I will bring the 100-400mm with me.
I'll have a 5D IV and need to decide between a 5DSR and 7DII as the second camera.
I was half thinking 7D II 300 2.8 and 2.0 extender but I've never tried that combination.


----------



## AlanF (Jul 23, 2018)

The 300mm f/2.8 II works very well with extenders indeed. I decided to trade mine for a 400mm f/4 DO II (+ 1.4 and 2xTC work easily as well) because of the extra range, which is very good on the 5DIV. If you have the 100-400mm then you will be able to deal with close ups any way.

The 7DII is an excellent camera, and I got much use out of mine. For me though, the 5DSR is now the better option. It definitely has the edge on IQ and you can squeeze more out of it when cropping distant wildlife. I also like that it combines the field of view of a FF and the reach of the crop, although it isn't as fast with fps. A 400mm on the 5DSR will give you the field of view of a 250mm on a crop.

f/2.8 does give you an extra stop over f/4, which at first sight would seem an advantage at dawn or dusk.

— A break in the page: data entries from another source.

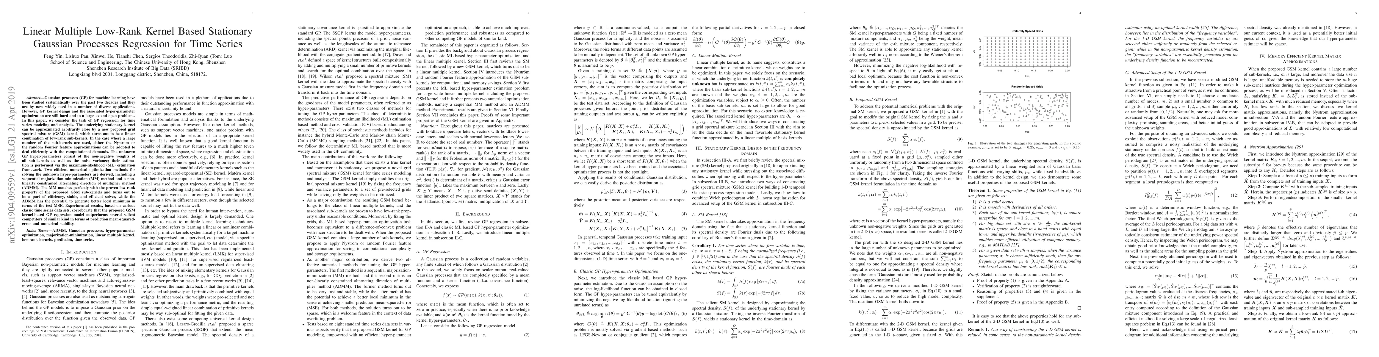 Gaussian processes (GP) for machine learning have been studied systematically over the past two decades and they are by now widely used in a number of diverse applications. However, GP kernel design and the associated hyper-parameter optimization are still hard and to a large extend open problems. In this paper, we consider the task of GP regression for time series modeling and analysis. The underlying stationary kernel can be approximated arbitrarily close by a new proposed grid spectral mixture (GSM) kernel, which turns out to be a linear combination of low-rank sub-kernels. In the case where a large number of the sub-kernels are used, either the Nystr\"{o}m or the random Fourier feature approximations can be adopted to deal efficiently with the computational demands. The unknown GP hyper-parameters consist of the non-negative weights of all sub-kernels as well as the noise variance; their estimation is performed via the maximum-likelihood (ML) estimation framework. Two efficient numerical optimization methods for solving the unknown hyper-parameters are derived, including a sequential majorization-minimization (MM) method and a non-linearly constrained alternating direction of multiplier method (ADMM). The MM matches perfectly with the proven low-rank property of the proposed GSM sub-kernels and turns out to be a part of efficiency, stable, and efficient solver, while the ADMM has the potential to generate better local minimum in terms of the test MSE. Experimental results, based on various classic time series data sets, corroborate that the proposed GSM kernel-based GP regression model outperforms several salient competitors of similar kind in terms of prediction mean-squared-error and numerical stability.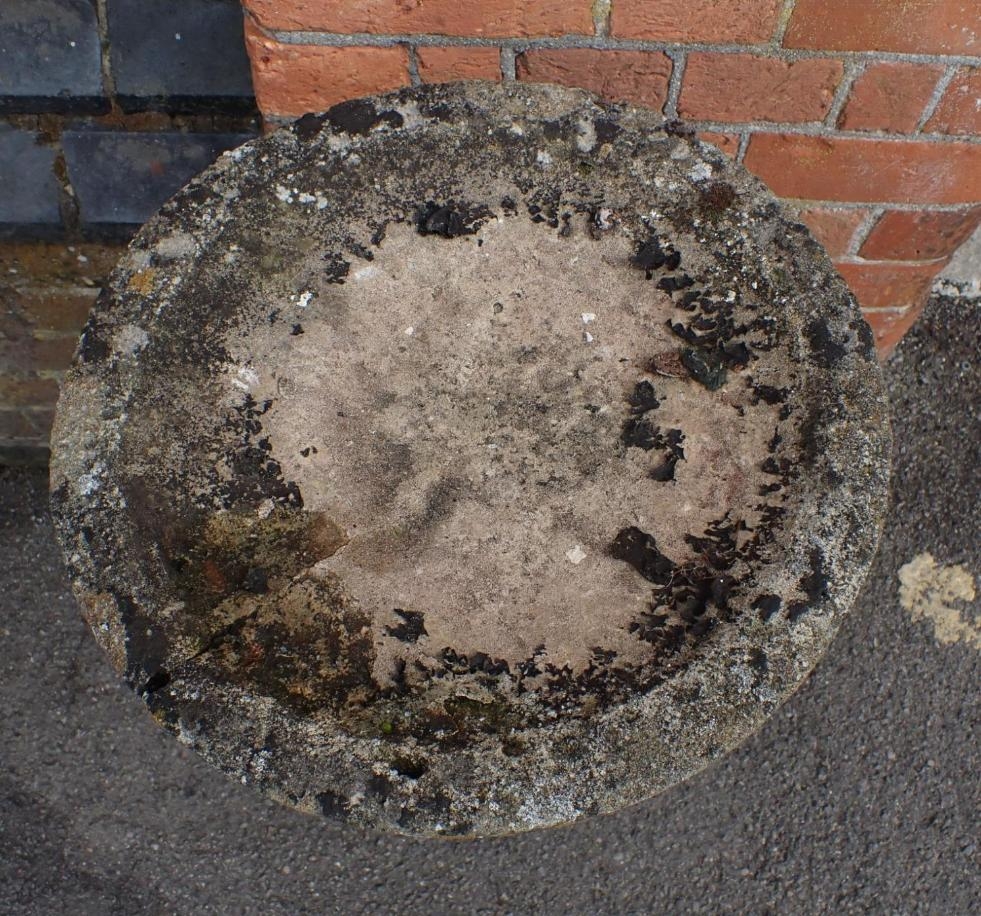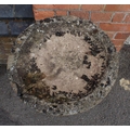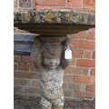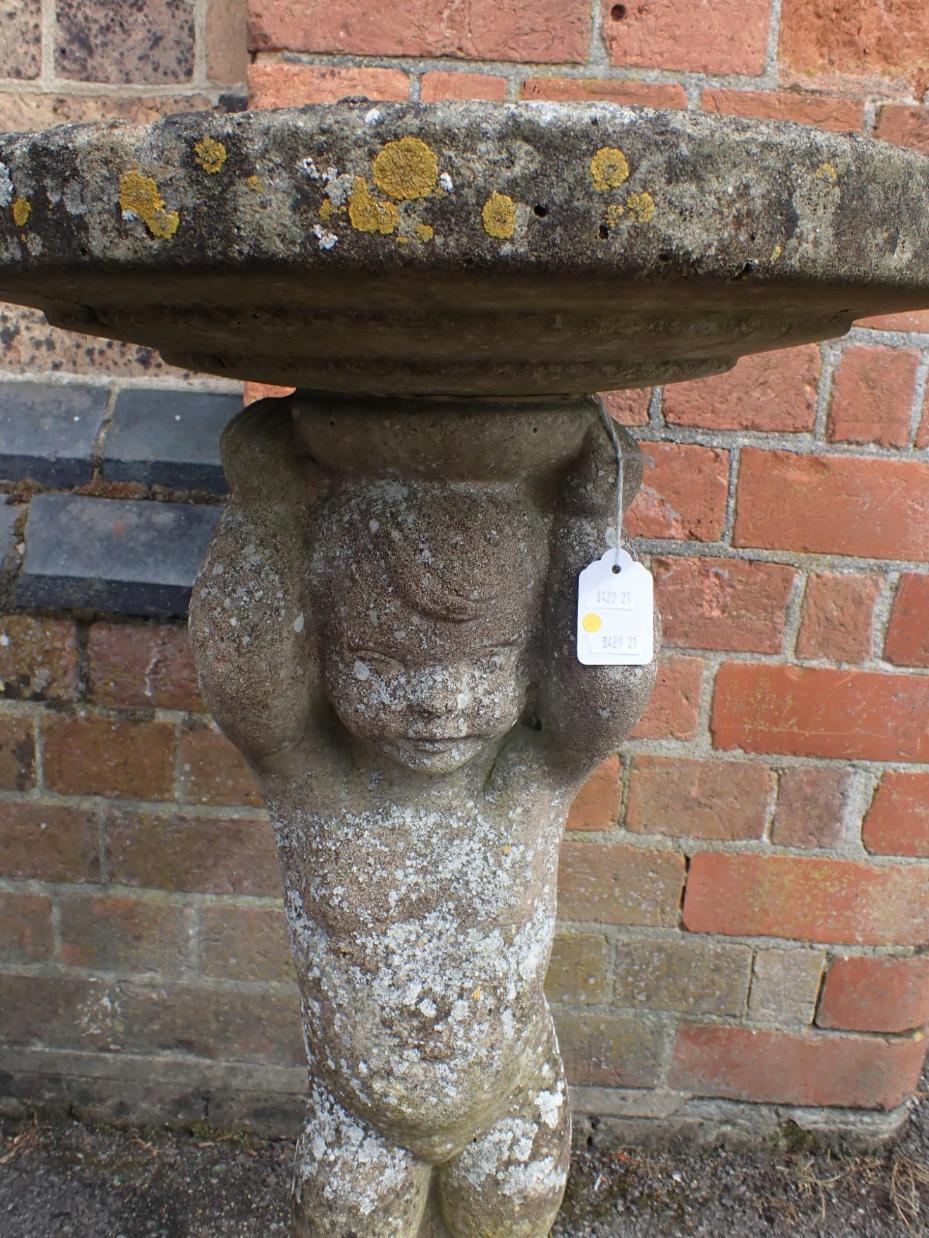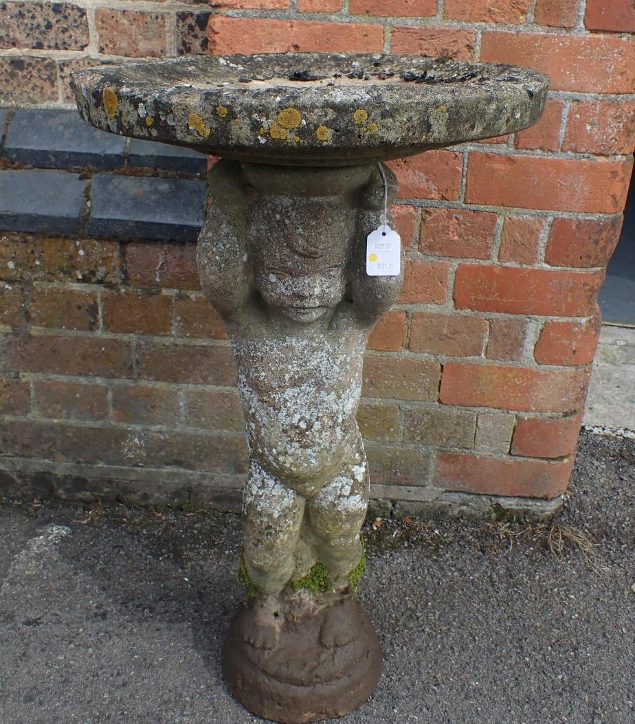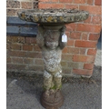 A WEATHERED RECONSTITUTED STONE FIGURAL BIRDBATH with putto supporting 73cm high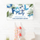 Simple Cool Blue Boy's Pool Party Birthday Banner. Design features a simple white background decorated with tropical foliage, a beach ball, sunglassess and a fun POOL Party heading! The modern sans font template is super easy to customise using the template provided. Perfect invite for boys of all ages!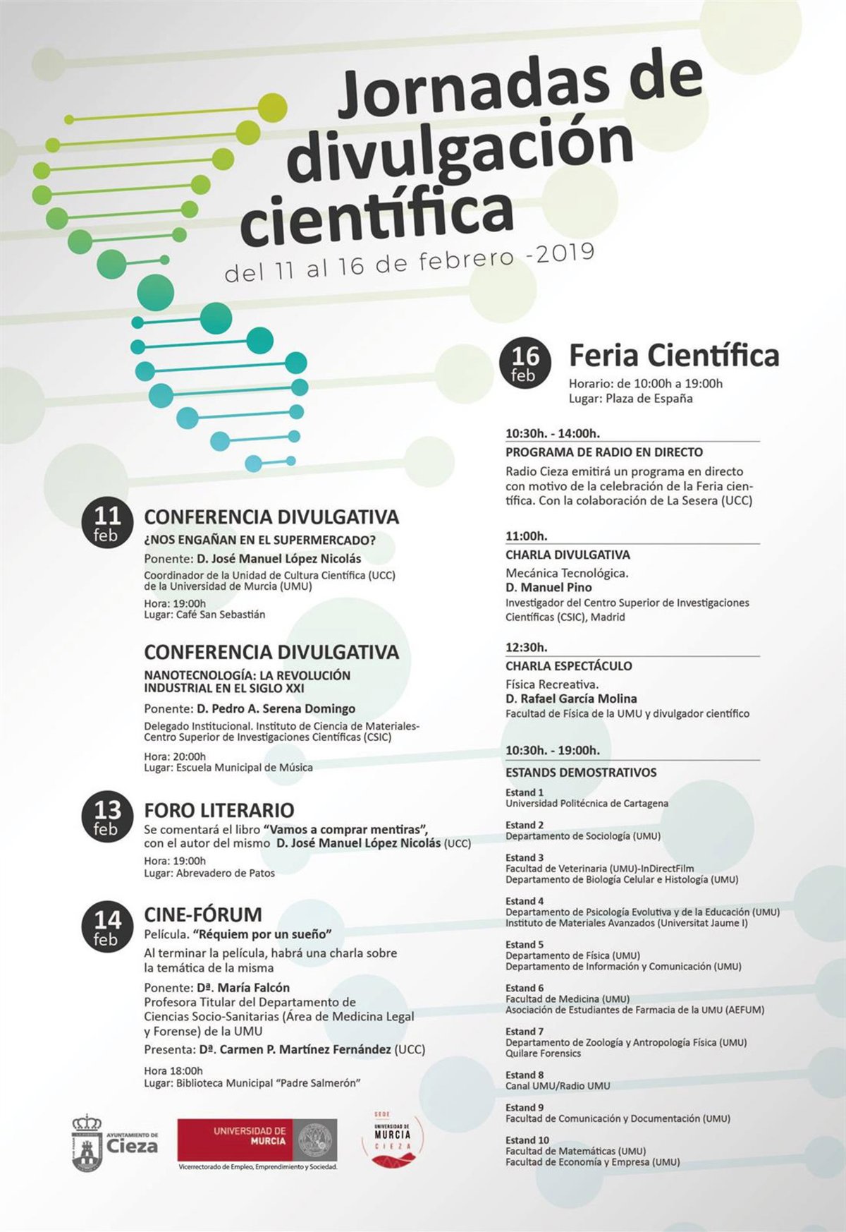El día 16 girará en torno a la feria científica, que se instalará en la plaza de España desde las diez de la mañana y hasta las siete de la tarde. Durante toda la jornada habrá expositores de diferentes facultades de la Universidad de Murcia harán demostraciones y enseñarán sus trabajos a quienes se acerquen.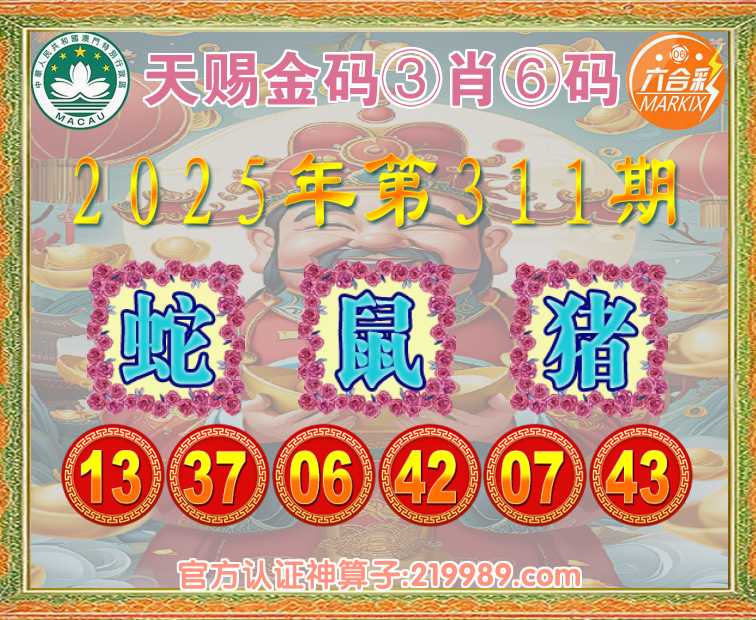 311期:《天赐金码》 🧤③肖⑥码🧤【鼠猪】开:蛇37

But, if you can fit the view from a 400mm into the frame, you can shoot at a stop higher iso and downsize to the same noise level.

By the way, even though the 5DSR goes up to only iso6400, it has sufficient dynamic range that you can underexpose by a stop or 2 and push in post. I highly recommend DxO photolabs for both the 7DII and 5DSR as it really takes care of the noise at higher isos when shooting RAW.


----------



## edoorn (Jul 23, 2018)

I used a 300 2.8 with extenders last year in Zambia/Bots in combination with the 100-400. The 100-400 is the more flexible lens although the 2.8 of the 300 is great for low light (plus it's an amazing lens). Mind you, the very low light levels are usually early morning and evening; sun rises and sets quite fast in Kenya 

Coupled with the 100-400 I would take the 600, since my experience was I used the 300 mostly with the 2x extender, so basically as a 600 prime. After last year I decided to sell the 300 so I could fund a 500 (I don't shoot primarily birds so the 500 is good for me) and loved the combination in January in the Mara with the 100-400. It's ok to shoot; not as light as the 300 but noticeably lighter than a 600. In the vehicles you'll probably shoot from a bean bag, not hand held. 

Both options will get you great shots!


----------



## Hector1970 (Jul 23, 2018)

Thanks Edoorn and AlanF.
I'm still conflicted but all opinions will help me make a final decision.
It's a long time since I was on Safari and it was in Tanzania in 2000 (wow 18 years ago already).
Back then it was film and 200mm seemed to be a long lens.
In Tanzania things we very close but maybe I couldn't spot the things faraway.
I believe Kenya animals are further back.
Safaris vehicles are also supposed to be way more numerous than they were.
I just don't know how hard it is to work with a 600mm lens that heavy for many hours a day.
It's not that I can't lift it. It's more that extra 2KG really seems to take its toll quickly...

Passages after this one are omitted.